Повседневная жизнь Москвы в сталинскую эпоху. 1920–1930-е годы. – 557 [3] с.: ил. – 1930–1940-е годы. – 447 [1] с.: ил. – М.: Молодая гвардия, 2008. – (Живая история: повседневная жизнь человечества).
Многие из нас на протяжении жизни хотя бы раз мечтательно проговаривали: эх, вот бы пожить в веке девятнадцатом, золотом для русской литературы!.. А не хотите в 20–30–40-е годы минувшего столетия? В ту эпоху, что ныне именуется сталинской? И ведь могли бы угодить. Господь судил иначе…
Помимо Гражданской войны, НЭПа, коллективизации, репрессий, страшной Великой Отечественной в те годы была обыкновенная повседневная жизнь миллионов таких же людей, как мы с вами. «Мы невольно спрашиваем себя: а что стало бы с нами, если бы мы жили в те годы, как бы мы повели себя в тех условиях, в которых находились наши предшественники? Порой мы смотрим на них, как второклассники на первоклашек, гордые своими знаниями. А были они просто другими», – не без грусти отмечает автор в предисловии. И начинает вглядываться в них, других. Внимательно и, по возможности, беспристрастно. И, что очень радует, с юмором.
Вот отношение к религии.

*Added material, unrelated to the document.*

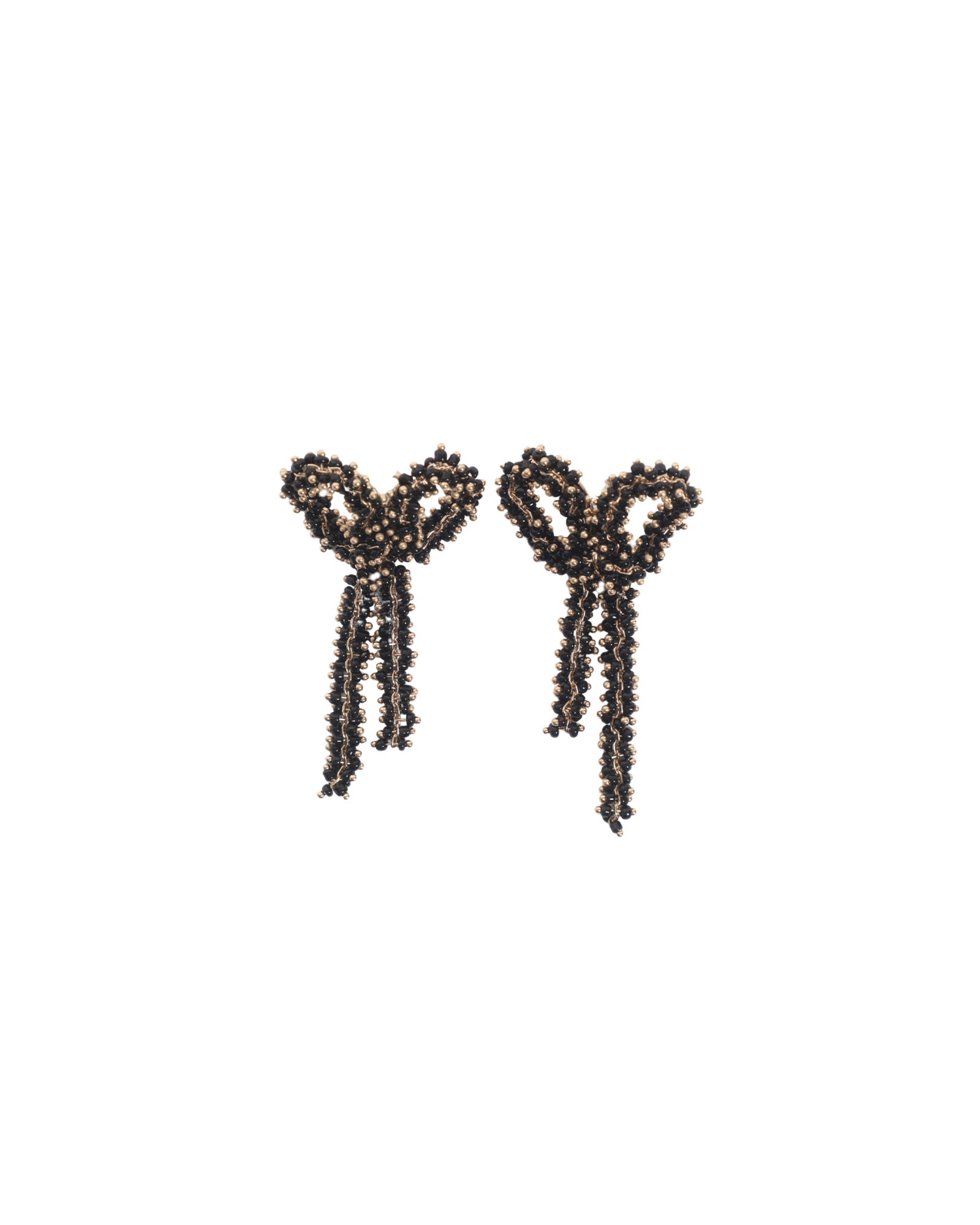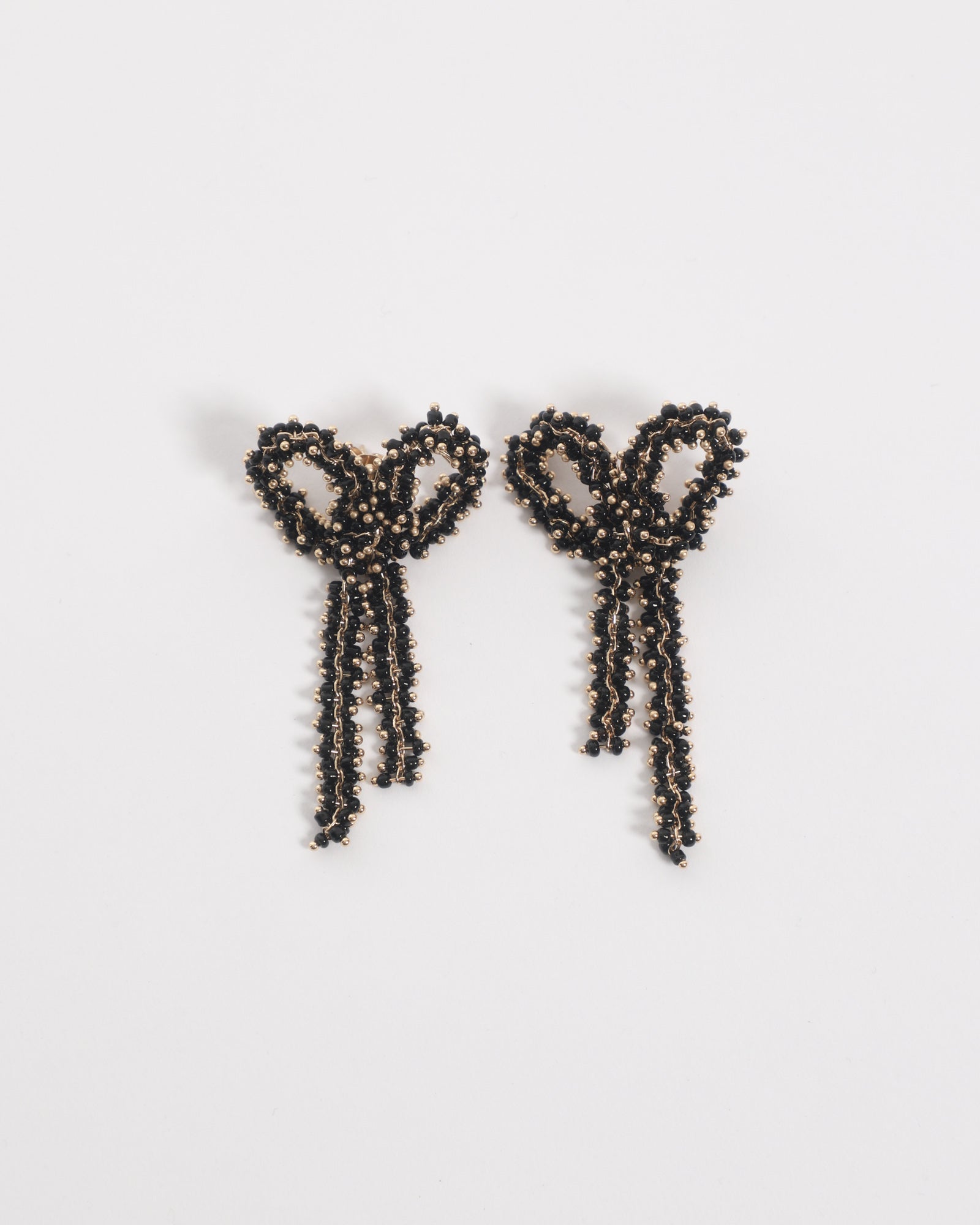 The Black Bow Earrings are handmade in Spain, and feature a gold-plated sterling silver base adorned with glimmering black glass beads. They fasten securely with a post-back closure, and are sold as a pair.
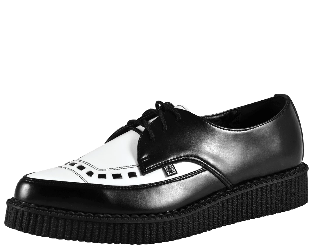 You’re sure to look sharp in these pointed creepers! The majority of the upper is black leather while the vamp is white leather with black stitch and interlace detail. Lace up closure. T.U.K. pointed creeper sole is about 1 1/4 inches high. This shoe has a narrow front, consider a size up for wider feet. T.U.K. Creepers are sold in U.S. men‚Äôs sizes. This is a UNISEX style. If you would like to purchase a Women’s size please subtract 2 sizes to convert to Men’s. For example, if you would like to order a Women’s size 7, please order a size 5.

Парень около Иверской часовни с вызовом восклицает: «Вот если ваш Бог есть, то пусть он меня сейчас накажет!» Мужичок невозмутимо парирует: «Очень ты Ему нужен». А вот заявление в комсомольскую ячейку: «Прошу исключить меня из комсомола на два часа или, если нельзя, то навсегда, так как я должен венчаться в церкви».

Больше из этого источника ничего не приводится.